In occasione del Giorno della Memoria 2026, l’Archivio di Stato di Trieste e la Soprintendenza archivistica del Friuli Venezia Giulia propongono un ciclo di tre incontri dedicati alla memoria, alla musica e alla storia della comunità ebraica triestina.
Un percorso culturale che unisce documenti, suoni e testimonianze per restituire voce a vicende personali e collettive segnate dalle leggi razziali del 1938.
Gli appuntamenti – tutti a ingresso libero – si svolgeranno dal 27 al 29 gennaio nella sede dell’Archivio di Stato e presso il Museo Carlo e Vera Wagner.
27 gennaio – Inaugurazione della mostra “Suoni della memoria”

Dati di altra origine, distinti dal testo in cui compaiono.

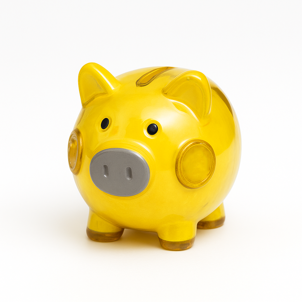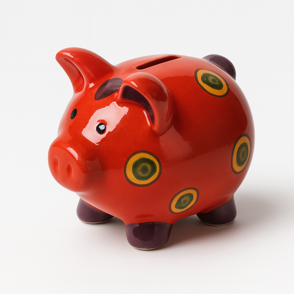Salvadanaio "Maialino" con decorazioni floreali, in terracotta

Archivio di Stato di Trieste, ore 10.30
La rassegna si apre con l’inaugurazione della mostra “Suoni della memoria”, dedicata a Emilio Russi e Guido Nacamuli, due figure di rilievo della vita musicale triestina tra gli anni Venti e Quaranta. Attraverso fascicoli prefettizi, documenti scolastici, schede del censimento e carteggi conservati dall’Archivio di Stato, la mostra ricostruisce la loro storia professionale e umana, tragicamente interrotta dalle leggi razziali.
Emilio Russi, professore di pianoforte e tra i primi docenti del Liceo Musicale “G. Verdi”, fu escluso dall’insegnamento e reintegrato solo nel dopoguerra.

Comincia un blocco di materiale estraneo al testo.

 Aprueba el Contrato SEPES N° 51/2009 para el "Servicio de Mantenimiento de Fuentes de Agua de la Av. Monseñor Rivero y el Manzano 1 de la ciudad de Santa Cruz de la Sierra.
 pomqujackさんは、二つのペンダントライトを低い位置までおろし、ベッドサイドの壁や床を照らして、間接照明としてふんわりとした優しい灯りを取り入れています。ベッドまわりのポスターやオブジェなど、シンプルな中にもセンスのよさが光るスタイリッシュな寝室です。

Guido (Davide) Nacamuli, pianista e docente di storia della musica, fu costretto invece a lasciare Trieste nel 1939, emigrando in Sud America, dove morì nel 1941.
La mostra vuole riportare alla luce queste vicende, mostrando come la persecuzione abbia inciso sulla vita culturale e sull’identità della città, e restituendo dignità e memoria a due musicisti che ne furono ingiustamente cancellati.
La mostra sarà aperta dal 27 gennaio al 3 febbraio 2026, ore 10-12.
28 gennaio – Concerto del pianista Pierpaolo Levi
Archivio di Stato di Trieste, ore 11.00
Il secondo appuntamento propone un momento di ascolto e riflessione attraverso il concerto del pianista Pierpaolo Levi, dedicato alle musiche di Emilio Russi e Guido Nacamuli.
Il concerto dialoga direttamente con la mostra inaugurata il giorno precedente: laddove i documenti testimoniano l’esclusione e la cancellazione, la musica restituisce voce, presenza e umanità.
Suoni e memoria si intrecciano, riportando al pubblico pagine musicali legate alla vita culturale della Trieste del primo Novecento e alla biografia dei due maestri.
Aprire l’atrio dell’Archivio alle loro musiche significa trasformare lo spazio che conservava gli atti della discriminazione in un luogo di riconoscimento e restituzione.
29 gennaio – Presentazione dell’Archivio della Comunità ebraica e visita guidata
Museo Carlo e Vera Wagner, ore 10.30
Il ciclo si conclude con un appuntamento dedicato alla storia documentaria della comunità ebraica triestina.
Presso il Museo Carlo e Vera Wagner verrà presentato l’Archivio della Comunità ebraica e, a seguire, una visita guidata permetterà di conoscere da vicino materiali, testimonianze e patrimoni archivistici che raccontano secoli di presenza ebraica in città.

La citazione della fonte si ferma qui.